A Confession

This feels like a confession so I’ll just say it plainly: I am not yet in love with Owen. I could lie. I could say I fell in love when I saw him emerge with his vernix sheen. And I swear (with my hand on my heart) I believe in love at first sight. It happened to me before—twenty-three years ago, to be precise, on the first day of my sophomore year at Wissahickon, when I turned a corner and glimpsed for the first time my future wife, Karen Magowan.

But I did not fall in love with Owen—or Ella, for that matter—at first sight. Perhaps a mother’s love is immediate. Perhaps a father falls in love in fits and starts. When Karen wakes at three in the morning to nurse Owen, I wake too, but not with her sense of serenity. Nursing in the middle of the night, she smiles with a radiance not unlike the happily drugged. She likes the night light. I hate it. So a bit dazed, a bit annoyed, I throw my t-shirt over my face, try to ignore Owen’s glugging, Karen’s wakefulness: her iPhone glow, her feet rubbing together.

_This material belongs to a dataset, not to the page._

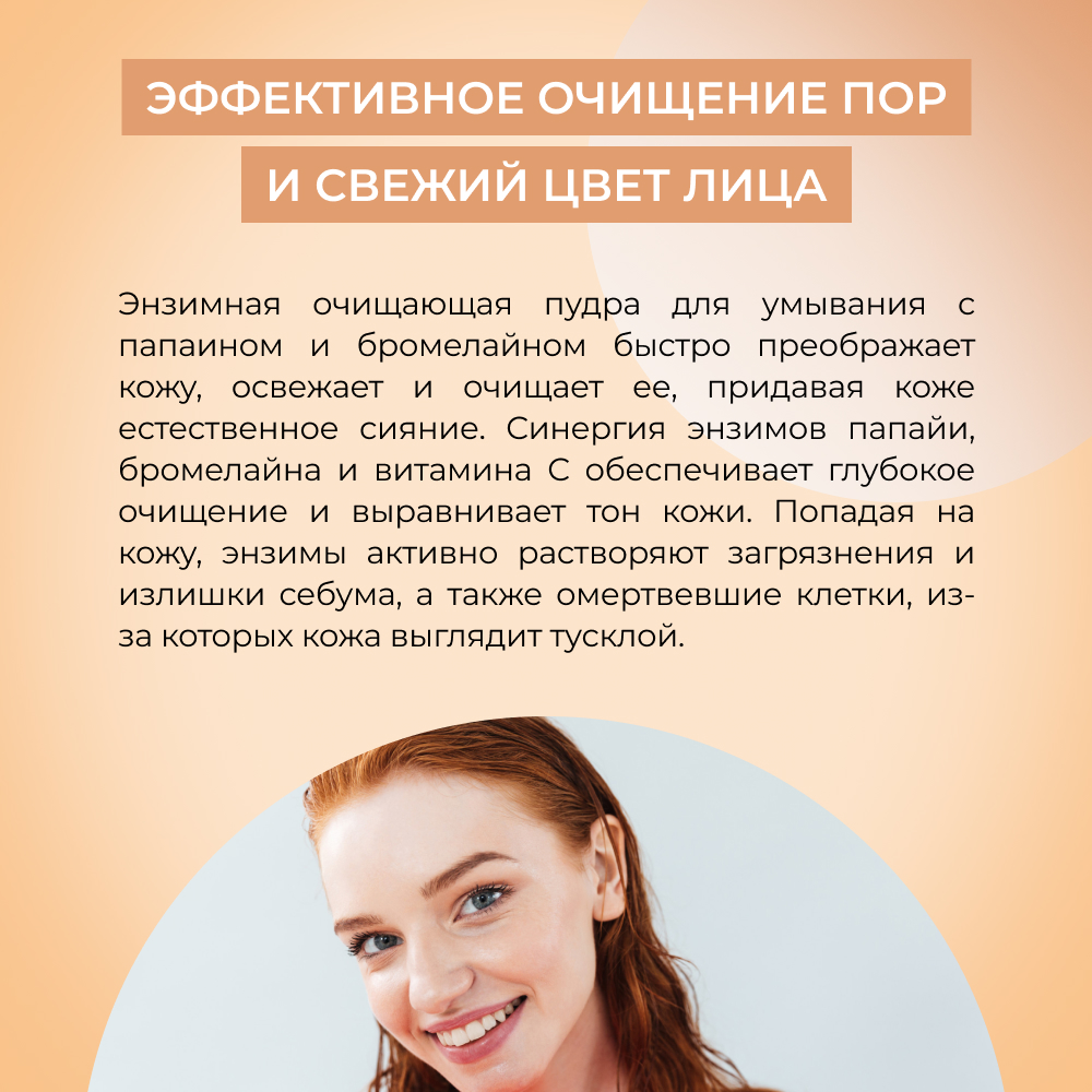 НАТУРАЛЬНАЯ ОЧИЩАЮЩАЯ ЭНЗИМНАЯ ПУДРА ДЛЯ УМЫВАНИЯ Натуральная энзимная пудра для умывания обеспечит глубокое очищение и мягкое отшелушивание кожи, выравнивание тона, сияние и профессиональный уход. Это многофункциональное средство содержит комплекс энзимов, каолин и витамин С, которые помогают от расширенных пор, работают против черных точек, прыщей, акне и пигментных пятен, уменьшают блеск. Женское очищающее средство обладает рассыпчатой консистенцией, при контакте с водой образуется нежная отбеливающая пенка. Флакон имеет объем 160 граммов, такого объема хватает не на один месяц. Кожа более матовая после умывания, становится гладкой и приятной на ощупь. Выравнивающая антибактериальная пудра с эффектом отбеливания подойдет для жирной, сухой, комбинированной, проблемной, а также возрастной и подростковой кожи. Эко состав позволяет глубоко очистить лицо и область шеи от загрязнений и макияжа, при этом не вызывая шелушения, покраснений и воспалений.

Thankfully, I’ve been through this before. Looking at Ella now, I can scarcely fathom a time when the mere thought of her did not mobilize my senses.

Everything for her, I think and feel. And her mother. Karen—who I miss now in my selfish way. Karen—the women I’d share a bed with, alone if not for Owen.

 And everything for Ella’s brother, Owen, I suppose I should say.

Fits and starts. At least this is my experience.

Or perhaps this is my own preposterous flaw. I’m hesitant to Google it. I’d hate to discover I’m a monster.

In my defense, I can pinpoint my most recent fit. This morning I put Owen in the nook of my arm and whispered in his ear, “Relax, son.” It was the first time I had addressed him so: son. He was crying, as he does, with his breathtaking lip quiver. Or so it felt to me: breathtaking. So I whispered again (with my hand on my heart), “Relax, son. Daddy loves you.” And who knows, perhaps I was telling the truth—in a way I do not yet understand.